An exact copy of all the data is needed, with every picture left out.

• **Data shown**
────

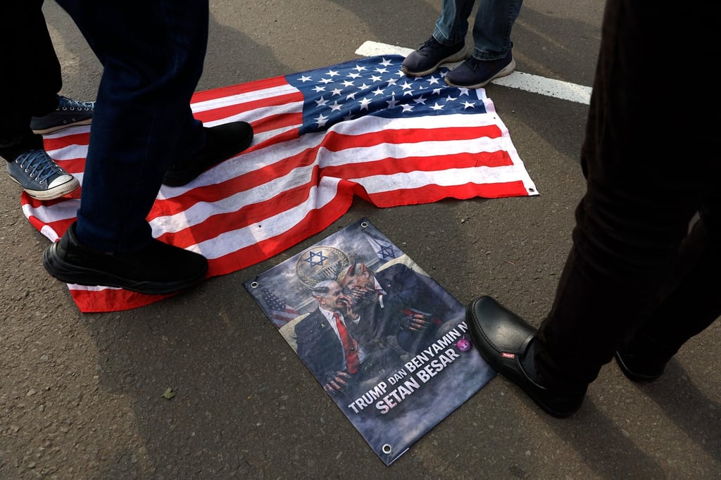 Pengunjuk rasa Indonesia menginjak bendera AS saat unjuk rasa di luar Kedutaan Besar AS di Jakarta pada 13 Maret. Foto: EPA
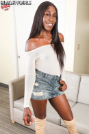 Loving the denim mini-skirt and top Finessa starts off in, in this second set of her, with the knee length boots just making the overall look complete - sexy, provocative and accessible (with panties just showing upskirt). She's soon naked and showing some of the sexiest, most gorgeous, dark, smooth, flaweless skin I've seen in a longwhile, and with that bit round perfect ass, and thick thighs, nice breasts and everything else that this dynamic new model has going on, then she's just a sight to behold.
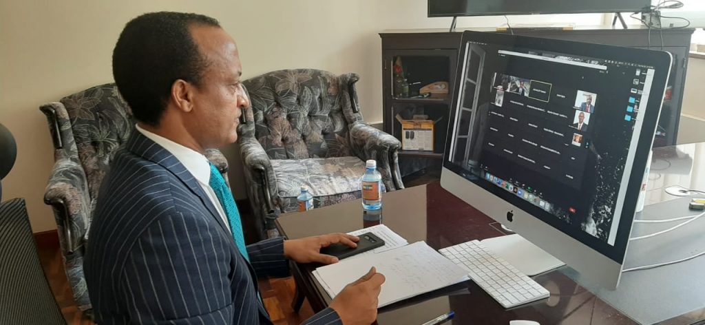 በኬንያ የኢትዮጵያ ኤምባሲ ባዘጋጀው የበይነ መረብ የቢዝነስ ውይይት ላይ በኢፌዲሪ ውጭ ጉዳይ ሚኒስቴር፣ የውጭ ንግድና ቱሪዝም ማስፋፊያ ዳይሬክተር ጄኔራል አምባሳደር ረጋሣ ከፋለ በመድረኩ ኢትዮጵያ ውስጥ ያሉትን የኢንቨስትመንት ዕድሎች በተመለከተ ሰፊ ማብራሪያ ሠጥተዋል፡፡

────

• **Reply**
 Pengunjuk rasa Indonesia menginjak bendera AS saat unjuk rasa di luar Kedutaan Besar AS di Jakarta pada 13 Maret. Foto: EPA
 Loving the denim mini-skirt and top Finessa starts off in, in this second set of her, with the knee length boots just making the overall look complete - sexy, provocative and accessible (with panties just showing upskirt). She's soon naked and showing some of the sexiest, most gorgeous, dark, smooth, flaweless skin I've seen in a longwhile, and with that bit round perfect ass, and thick thighs, nice breasts and everything else that this dynamic new model has going on, then she's just a sight to behold.
 በኬንያ የኢትዮጵያ ኤምባሲ ባዘጋጀው የበይነ መረብ የቢዝነስ ውይይት ላይ በኢፌዲሪ ውጭ ጉዳይ ሚኒስቴር፣ የውጭ ንግድና ቱሪዝም ማስፋፊያ ዳይሬክተር ጄኔራል አምባሳደር ረጋሣ ከፋለ በመድረኩ ኢትዮጵያ ውስጥ ያሉትን የኢንቨስትመንት ዕድሎች በተመለከተ ሰፊ ማብራሪያ ሠጥተዋል፡፡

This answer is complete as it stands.